Domain Adaptation (DA) of Neural Machine Translation (NMT) model often relies on a pre-trained general NMT model which is adapted to the new domain on a sample of in-domain parallel data. Without parallel data, there is no way to estimate the potential benefit of DA, nor the amount of parallel samples it would require.

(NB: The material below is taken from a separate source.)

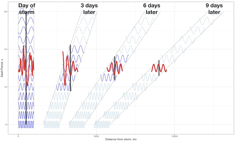 Of course, in reality, the sea state is rarely a single simple swell like we’ve just looked at. Instead, waves come in many different periods and sizes. Waves of each period will have a different stopping speed and hence will stop at a different point in the race as the flow accelerates. The result is that:

It is however a desirable functionality that could help MT practitioners to make an informed decision before investing resources in dataset creation. We propose a Domain adaptation Learning Curve prediction (DaLC) model that predicts prospective DA performance based on in-domain monolingual samples in the source language. Our model relies on the NMT encoder representations combined with various instance and corpus-level features. We demonstrate that instance-level is better able to distinguish between different domains compared to corpus-level frameworks proposed in previous studies. Finally, we perform in-depth analyses of the results highlighting the limitations of our approach, and provide directions for future research.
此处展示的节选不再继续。